And now you're making assumptions just like that person.

I doubt he'll have a rookie season like that, but it's ridiculous to say he absolutely won't be able to do it in the future.


----------



## rocketeer (Oct 7, 2002)

B-Roy said:


> And now you're making assumptions just like that person.
> 
> I doubt he'll have a rookie season like that, but it's ridiculous to say he absolutely won't be able to do it in the future.


i guess i should have added in my opinion to my statement.

i just don't see how anyone sees that from beasley.


----------



## Dornado (May 26, 2003)

Hustle said:


> Is Beasley big enough? All the guys mentioned are 7 footers who can play center and Beasley is not even 6'9". I can't believe all this he's going to grow crap, how many people grow in height after they are 19.


Last time I checked, they played basketball in shoes... which means Michael Beasley is 6'9". Not less. Also, he has a 7 foot wingspan and a 9'1" standing reach... (those numbers are from the Nike Hoop Summit in 2007). I think he's big enough to play the 4... whether or not he can is a different Q.


----------



## someone (Jul 17, 2007)

rocketeer said:


> not only will beasley not have a 24 point and 12 rebound per game rookie season, he will never have a season like that during his entire career.
> 
> you can't just take college numbers and extrapolate them into pro numbers. that just doesn't work.


first part is absurd and second part is dead on.


----------



## rocketeer (Oct 7, 2002)

Dornado said:


> Last time I checked, they played basketball in shoes... which means Michael Beasley is 6'9". Not less. Also, he has a 7 foot wingspan and a 9'1" standing reach... (those numbers are from the Nike Hoop Summit in 2007). I think he's big enough to play the 4... whether or not he can is a different Q.


i don't see him being able to play anything other than the 4.


----------



## someone (Jul 17, 2007)

i'd wait to see how tall her is at 21 to make that decision


----------



## rocketeer (Oct 7, 2002)

liekomgj4ck said:


> first part is absurd and second part is dead on.


so him not averaging 24 points and 12 rebounds during a single season in his career is absurd? maybe you don't realize how hard 24/12 is. tim duncan did it once. kevin garnett did it once. yao has never done it. dwight has never done it. boozer's never done it. amare hasn't done it. dirk hasn't done it. bosh hasn't done it. the only guy in the nba right now that i can think of who has done it more than once is shaq and he's done it 4 times.

but yeah. beasley is immediately going to be on par with duncan and garnett's best statistical seasons and i'm crazy for thinking that won't happen.


----------



## Hustle (Dec 17, 2003)

Dornado said:


> Last time I checked, they played basketball in shoes... which means Michael Beasley is 6'9". Not less. Also, he has a 7 foot wingspan and a 9'1" standing reach... (those numbers are from the Nike Hoop Summit in 2007). I think he's big enough to play the 4... whether or not he can is a different Q.

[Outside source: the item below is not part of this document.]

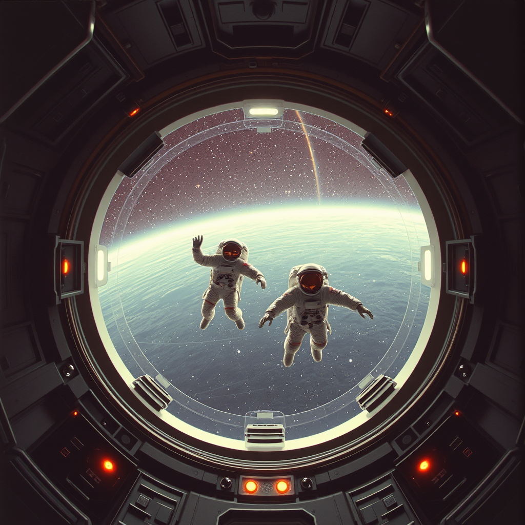 Imagining an 80s retro scene, envision the interior of a spacecraft from an overhead view, featuring two astronauts suspended in zero gravity. A round hatch remains ajar, framed by large black wheels and glowing lights, hinting at advanced technology. The scene opens to the vastness of space, with a starry sky creating a captivating backdrop. This composition echoes the minimalist yet futuristic aesthetic reminiscent of a John Berkey painting, exuding a sense of wonder and exploration in the infinite cosmos.

6'9" in shoes that's exactly what I mean. He is as close in height to a 2 guard as those guys and other recent championship bigs Shaq, Robinson, Hakeem, and in my mind Nowitski.

I don't even question that he is a 4 and will be damn good at it, allstar caliber, at least a few times. That speaks how highly I think of Rose I guess.


----------



## DaBabyBullz (May 26, 2006)

liekomgj4ck said:


> how's chelsea clinton doing? you see her?


She wasn't there unfortunately. Hillary was in one town on Friday, and she was VERY impressive, and Bill in another town on Sunday, and he was cool too (mainly said the same things Hillary had on Friday, but he's essentially a God in my book, so it was cool meeting him....weird thing is, to see Hillary you got searched and wanded and everything....NOTHING to see Bill lol, and I mean absolutely nothing, other than secret service standing by him). I just switched from independent to Democrat on last Monday so I could vote for her in the primary. She's the only worthwhile candidate in the thing, so she'd better win!


----------



## csourk4ksu (May 25, 2008)

Over at ksufans.com our resident youtube guru made a great highlight video.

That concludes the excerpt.